Когда покинули Александрию, Джон приказал капитану идти на Крит. Наташа теперь каждую ночь проводила в своей каюте, не рискуя больше ночевать на палубе, потому что, по уверениям Джона, так можно легко простудиться. Муж постучал в дверь и предупредил, что уже позавтракал и отправляется ловить рыбу.

– Обедать будем на Крите, – сказал он.

Наташа стояла под душем, когда ее качнуло: очевидно, судно делало разворот. А вернувшись в каюту, не увидела за окошком солнца – яхта следовала в обратном направлении.

В коридоре она встретила встревоженного Джона и спросила:

– Мы возвращаемся в Египет? Что-то произошло? Какая-то неприятность?

Муж кивнул.

– Надо срочно лететь в Штаты. Два билета на рейс Александрия – Нью-Йорк уже заказаны.

– Так что случилось?

– На наш офис в Петербурге совершено нападение. Ворвались полиция и налоговая служба. Забрали уставные документы и всю банковскую документацию. Все сотрудники, являющиеся российскими гражданами, арестованы. Вернее, как объяснил мне по телефону адвокат, задержаны на двое суток до предъявления им обвинения или принятия решения о мере пресечения. Задержали всех, ты можешь это понять? Мужчин, женщин. Отпустили только двух работниц столовой. Даже моего водителя увели. Что им надо от глухого парня, который здоровье на войне потерял? Так что нам, то есть тебе, повезло. Ты оказалась далеко и теперь им не по зубам. Вернемся в Штаты, сразу подадим заявление на получение гражданства – в отношении тебя решение будет принято по ускоренной процедуре.

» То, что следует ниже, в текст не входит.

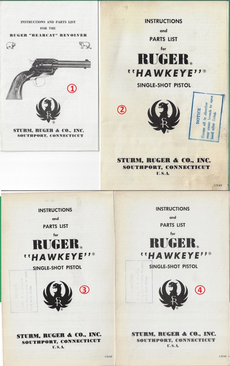 For sale original Ruger Parts & Instruction manuals. If you have a problem with your purchase, send it back for a 100% refund. Small, undated Bearcat (#1) $35.00. Hawkeye (#2 thru #4) $50.00 each. Free shipping. donfindley806@gmail.com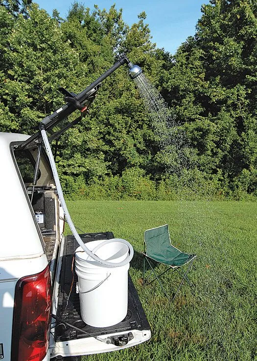 당연히 차 안에 샤워시설을 구비하는 것은 불가능하고, 야외에 샤워시설을 설치해야 한다.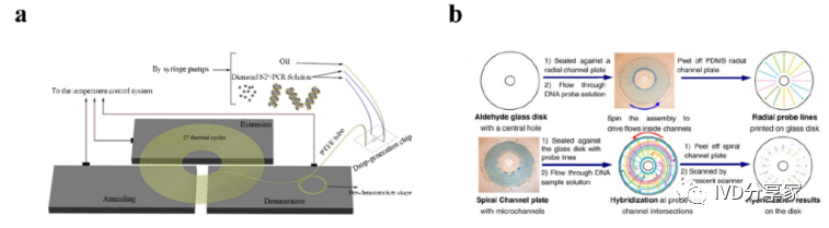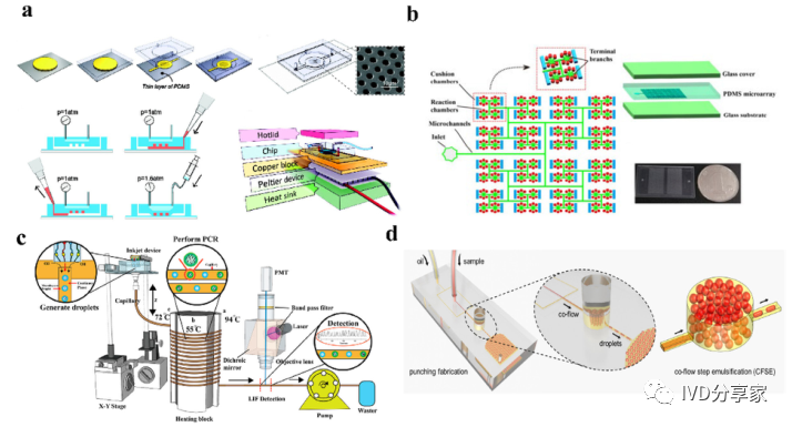 在现有的一些ddPCR系统中,液滴发生器产生液滴后,需要将液滴转移到其他模块进行扩增和检测,可能会导至转移过程中液滴丢失,结果不准确。在转移过程中存在交叉污染的风险。如张等人采用喷墨打印技术,在油相中产生单分散液滴,然后稳定分散到毛细管中,简化了乳化过程,大大减少了试剂的损失,且生成的液滴在不同温度下是连续的。该方法应用于携带目标DNA的阳性液滴,并利用该系统对三个数量级不同数量的DNA进行定量评估。Wei等人开发了一种新型 dPCR 芯片,它将液滴产生、液滴阵列自组装、PCR 扩增和荧光检测集成到一个设备中。它的特点是制造成本极低、定量能力强且有小型化的潜力,满足DNA分子定量标准。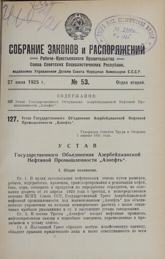Устав Государственного Объединения Азербейджанской Нефтяной Промышленности «Азнефть». Утвержден Советом Труда и Обороны 1 апреля 1925 года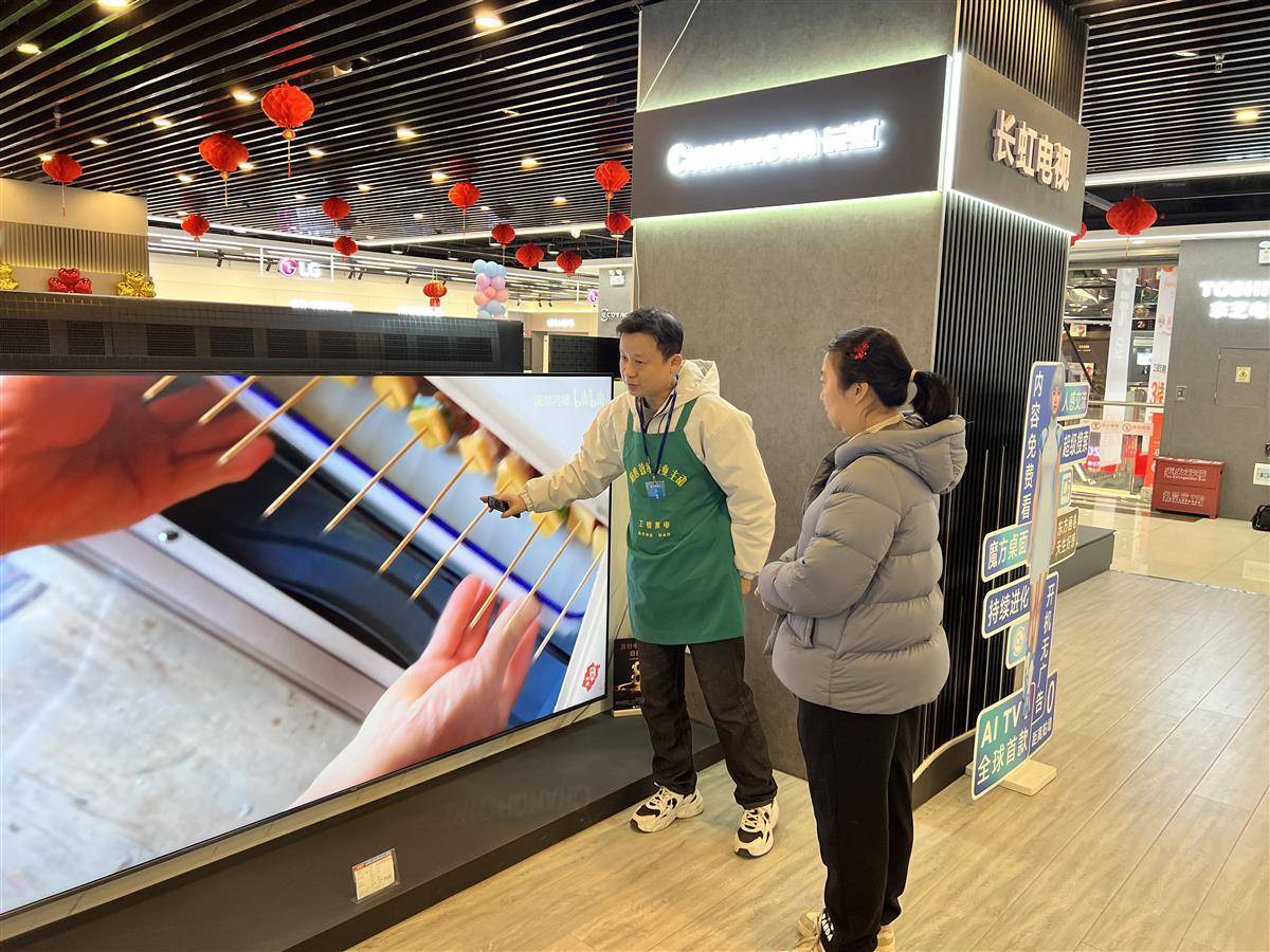 “马上要过年了,买个大电视,家里好一起看春晚!”潘女士高兴地说,她已多次到店询问和挑选心仪的电视,当店员今天通知她家电以旧换新补贴今日开始实施后,她第一时间就到店购买,“国家政策好,如果看到合适的型号,今年还会用以旧换新补贴再买个手机。”

– Что еще сообщил адвокат?

– Сказал, что против руководства фондом выдвинуто обвинение по нескольким статьям: уклонение от уплаты налогов, вывоз за рубеж средств, полученных незаконным путем, отмывание денег, коммерческий подкуп… Бред какой-то!

Наташа вернулась в каюту и позвонила маме. Чтобы не беспокоить ее, стала рассказывать о путешествии. Мама слушала и восхищалась.

– Надо же, как тебе повезло! А вот я всю жизнь мечтала другие страны посмотреть, но пока дальше огорода на даче никуда выбраться не удалось.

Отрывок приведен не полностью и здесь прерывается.